*WORK ITEM:*
Could you repeat every line below exactly, skipping the images?

*DATASET EXCERPT:*
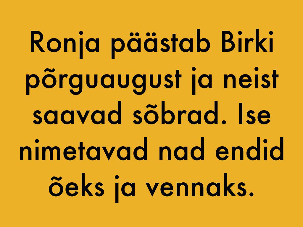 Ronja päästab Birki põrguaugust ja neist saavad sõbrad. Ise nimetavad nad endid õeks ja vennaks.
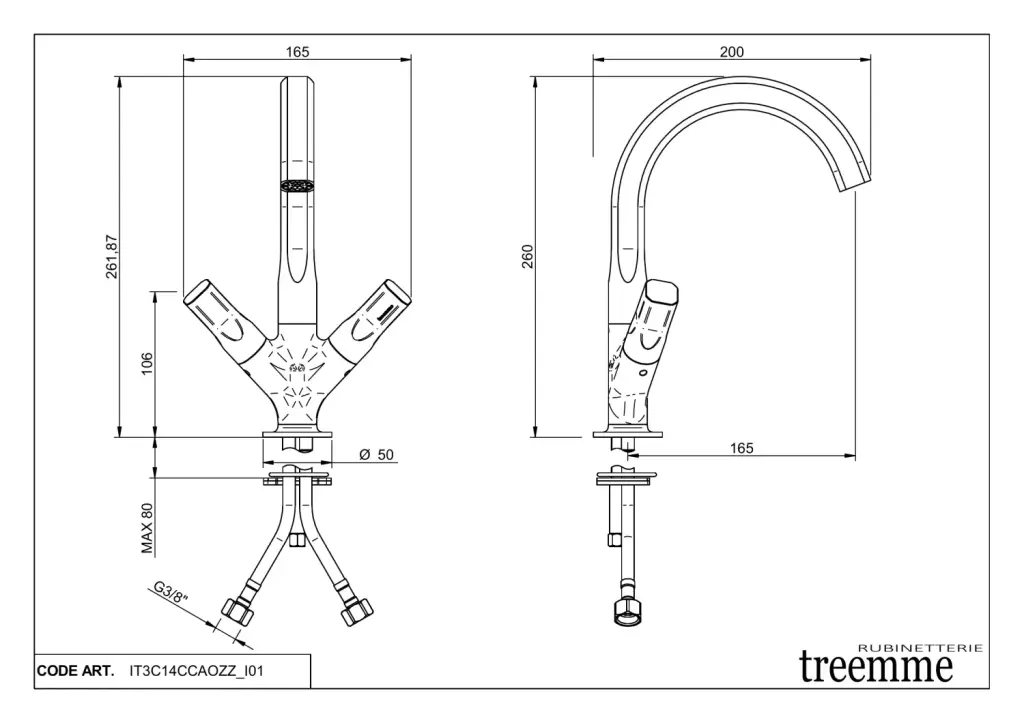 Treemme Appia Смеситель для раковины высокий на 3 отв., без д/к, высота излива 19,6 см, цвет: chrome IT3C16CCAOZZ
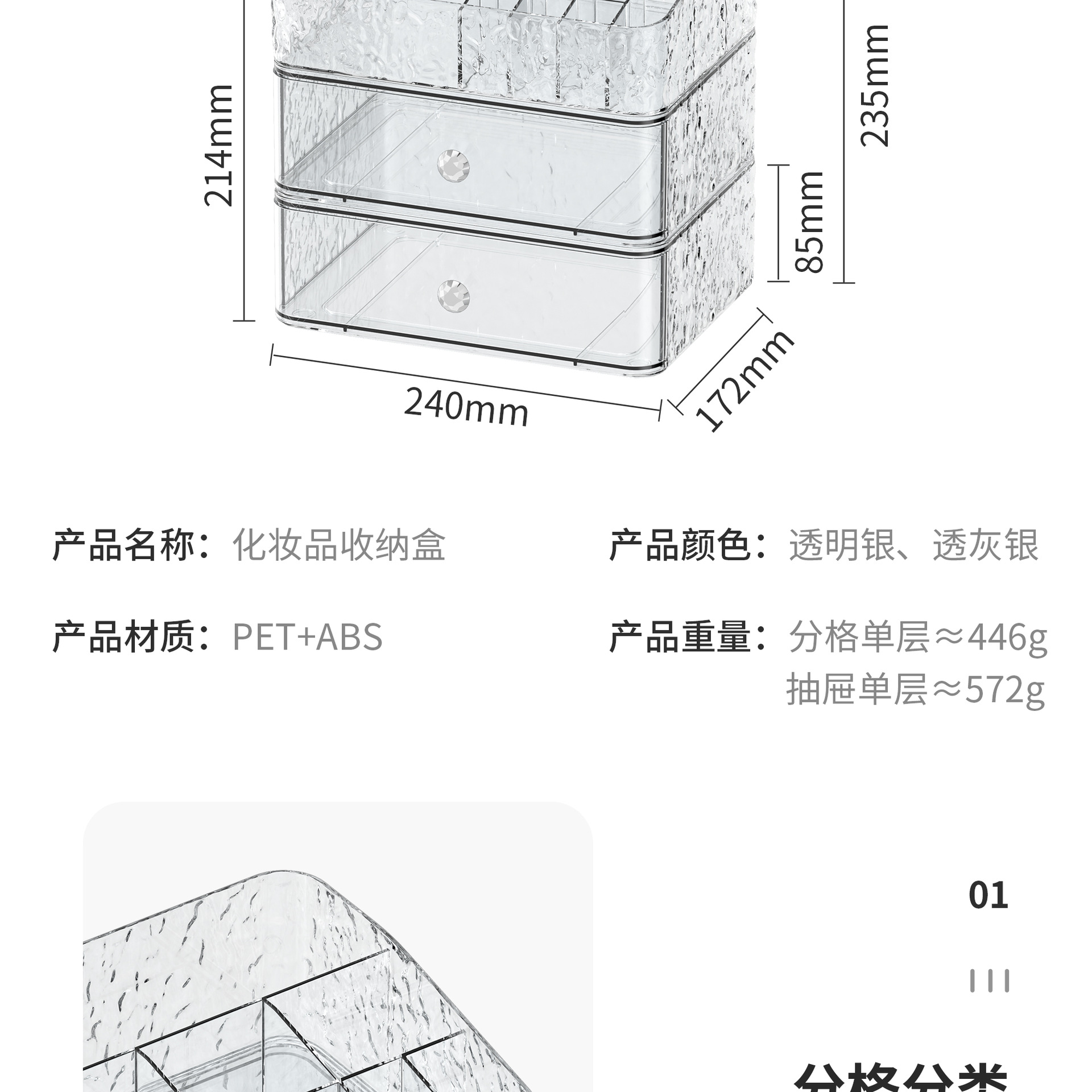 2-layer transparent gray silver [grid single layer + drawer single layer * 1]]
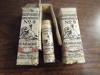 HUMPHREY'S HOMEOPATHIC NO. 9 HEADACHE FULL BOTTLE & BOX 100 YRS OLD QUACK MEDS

*ANSWER SECTION:*
 Ronja päästab Birki põrguaugust ja neist saavad sõbrad. Ise nimetavad nad endid õeks ja vennaks.
 Treemme Appia Смеситель для раковины высокий на 3 отв., без д/к, высота излива 19,6 см, цвет: chrome IT3C16CCAOZZ
 2-layer transparent gray silver [grid single layer + drawer single layer * 1]]
 HUMPHREY'S HOMEOPATHIC NO. 9 HEADACHE FULL BOTTLE & BOX 100 YRS OLD QUACK MEDS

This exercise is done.